[Data excerpts]
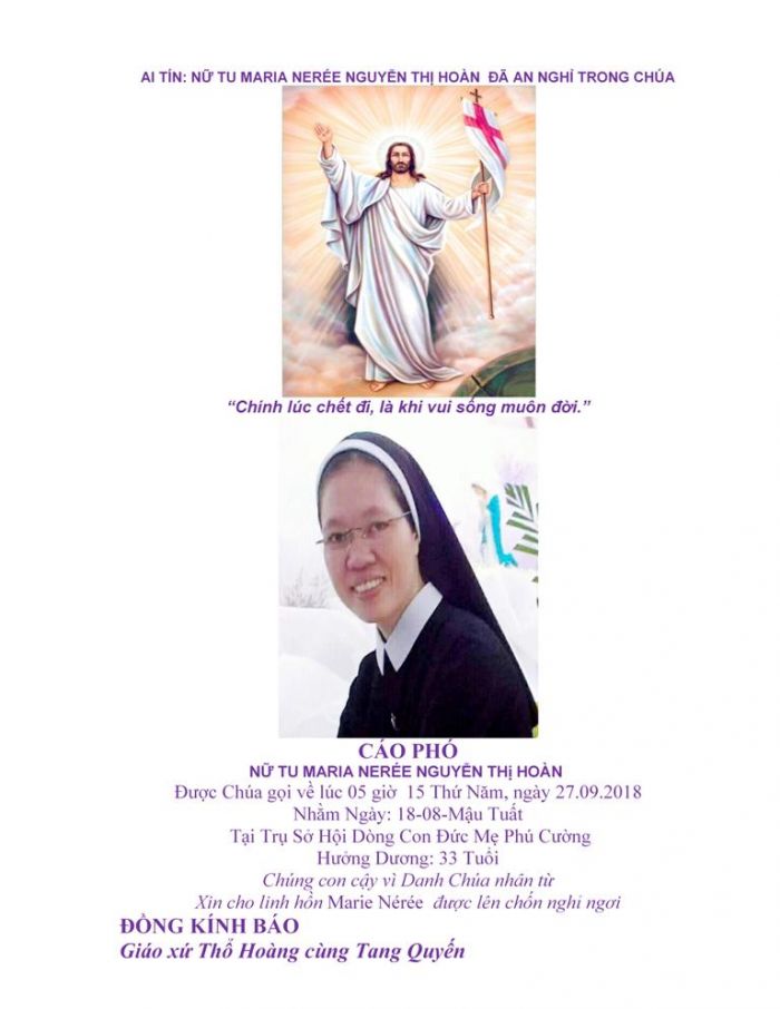 AI TÍN: NỮ TU MARIA NERÉE NGUYỄN THỊ HOÀN ĐÃ AN NGHỈ TRONG CHÚA
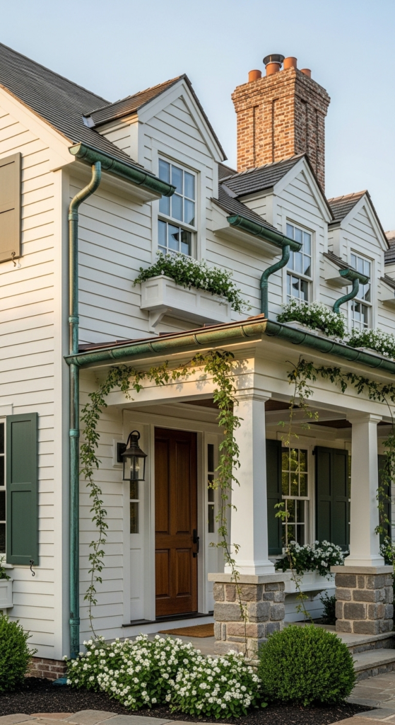 Aged copper gutters against warm white siding — unexpected detail, unforgettable look.
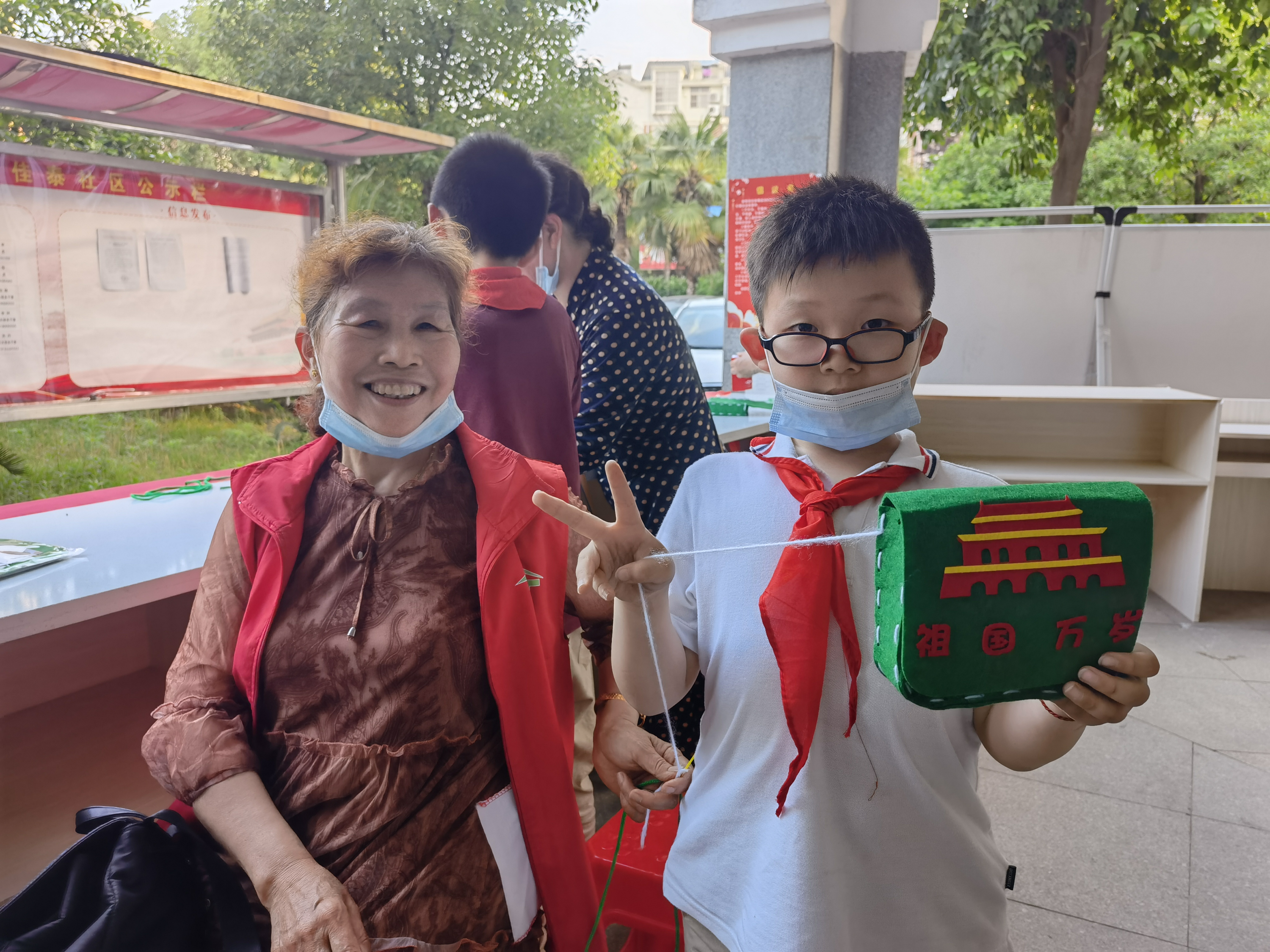 “小朋友们,你们画的环保袋真是太好看了!作为交换,我们也制作了爱国手工书包,愿你们茁壮成长,爱国爱党,将来为祖国添光溢彩!”博学华府小区的黄阿姨对着一群可爱的小朋友们竖起了大拇指。
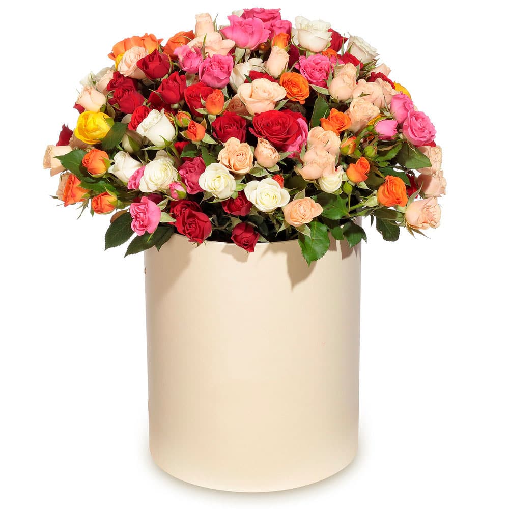 Яркая композиция из кустовых роз в кремовых, оранжевых, красных и розовых оттенках создаёт атмосферу праздника. Цветы оформлены в элегантной шляпной коробке, подчёркивающей их изысканность. Возможна альтернатива в бархатной или атласной коробке. Прекрасный подарок для любимой на день рождения или годовщину.
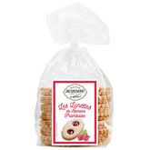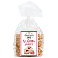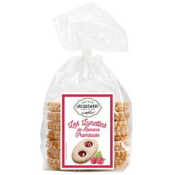 Ingrédients : Farine de blé, sucre, sirop de glucose-fructose, oeufs, huiles végétales (coprah, colza), beurre concentré, purée de framboise 5%, sirop de sucre inverti, arômes, gélifiant : pectines, acidifiant : acide citrique, correcteur d’acidité : citrate de sodium, poudre à lever : carbonates de sodium.
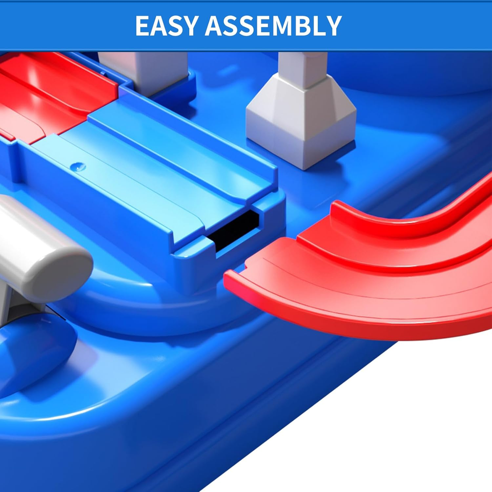 Enhance Thinking and Innovation: This race tracks set combine with suitable size, bright color and 8 different challenges, which can practice children's coordination, thinking ability and operation skills. The 2-in-1 track cooperative game brings more fun
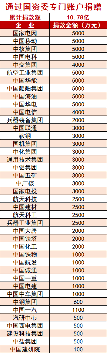 據(jù)初步統(tǒng)計,截至1月30日15時,目前共有41家中央企業(yè)通過國務(wù)院國資委專用賬戶向湖北疫情防控一線捐款10.78億元。在國家電網(wǎng)、航天科技(11.770, 0.02, 0.17%)、中國航發(fā)、中國誠通、鞍鋼集團(tuán)、中國移動、中國大唐等7家央企前期通過國務(wù)院國資委專用賬戶向湖北疫情防控一線首批捐款1.95億元的基礎(chǔ)上,這兩天陸續(xù)又有中核集團(tuán)、航空工業(yè)、中國電信、中國聯(lián)通(5.650, -0.23, -3.91%)、國家電投、國機(jī)集團(tuán)、中國建材、中國鐵塔、中鋁集團(tuán)、中國通用技術(shù)集團(tuán)、中化集團(tuán)、兵器裝備集團(tuán)、兵器工業(yè)集團(tuán)、中國電子科技集團(tuán)、中國汽車技術(shù)研究中心、中國交建(8.400, -0.28, -3.23%)、中國西電(3.520, -0.12, -3.30%)等央企通過國務(wù)院國資委專用賬戶捐款8.83億元。
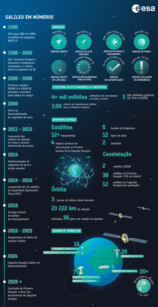 O Galileo é o sistema global de navegação por satélite da União Europeia (UE), que funciona em paralelo ao GPS (EUA), ao GLONASS (Rússia) e ao BeiDou (China). Programa emblemático da União Europeia, o Galileo assenta numa governação partilhada entre a Comissão Europeia (CE), a Agência Espacial Europeia (ESA) e a Agência da União Europeia para o Programa Espacial (EUSPA). A Comissão Europeia define as prioridades políticas, programáticas e orçamentais e traça a evolução estratégica dos programas; a ESA transforma essas orientações em satélites, sistemas de terra e campanhas de lançamento; e a EUSPA assegura que tudo se traduz em serviços operacionais, monitorizando o desempenho, trabalhando com o mercado e promovendo a adoção de aplicações baseadas em Galileo.
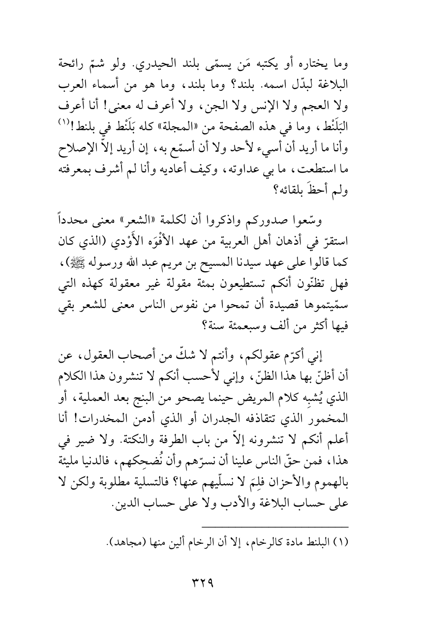 وما يختاره أو يكتبه مَن يسمّى بلند الحيدري. ولو شمّ رائحة البلاغة لبدّل اسمه. بلند؟ وما بلند، وما هو من أسماء العرب ولا العجم ولا الإنس ولا الجن، ولا أعرف له معنى! أنا أعرف البَلَنْط، وما في هذه الصفحة من «المجلة» كله بَلَنْط في بلنط! (¬1) وأنا ما أريد أن أسيء لأحد ولا أن أسمّع به، إن أريد إلاّ الإصلاح ما استطعت، ما بي عداوته، وكيف أعاديه وأنا لم أشرف بمعرفته ولم أحظَ بلقائه؟

TO DO> Excerpt from the records above: set down only the lines from the one that contains "Ingrédients : Farine" through the one that contains "-3.23%)、中國西電(3.520, -0.12, -3.30%)等央企通過國務(wù)院國資委專用賬戶捐款8.83億元。", inclusive, word for word. Pictures stay out.

RESPONSE TO THIS TASK>
 Ingrédients : Farine de blé, sucre, sirop de glucose-fructose, oeufs, huiles végétales (coprah, colza), beurre concentré, purée de framboise 5%, sirop de sucre inverti, arômes, gélifiant : pectines, acidifiant : acide citrique, correcteur d’acidité : citrate de sodium, poudre à lever : carbonates de sodium.
 Enhance Thinking and Innovation: This race tracks set combine with suitable size, bright color and 8 different challenges, which can practice children's coordination, thinking ability and operation skills. The 2-in-1 track cooperative game brings more fun
 據(jù)初步統(tǒng)計,截至1月30日15時,目前共有41家中央企業(yè)通過國務(wù)院國資委專用賬戶向湖北疫情防控一線捐款10.78億元。在國家電網(wǎng)、航天科技(11.770, 0.02, 0.17%)、中國航發(fā)、中國誠通、鞍鋼集團(tuán)、中國移動、中國大唐等7家央企前期通過國務(wù)院國資委專用賬戶向湖北疫情防控一線首批捐款1.95億元的基礎(chǔ)上,這兩天陸續(xù)又有中核集團(tuán)、航空工業(yè)、中國電信、中國聯(lián)通(5.650, -0.23, -3.91%)、國家電投、國機(jī)集團(tuán)、中國建材、中國鐵塔、中鋁集團(tuán)、中國通用技術(shù)集團(tuán)、中化集團(tuán)、兵器裝備集團(tuán)、兵器工業(yè)集團(tuán)、中國電子科技集團(tuán)、中國汽車技術(shù)研究中心、中國交建(8.400, -0.28, -3.23%)、中國西電(3.520, -0.12, -3.30%)等央企通過國務(wù)院國資委專用賬戶捐款8.83億元。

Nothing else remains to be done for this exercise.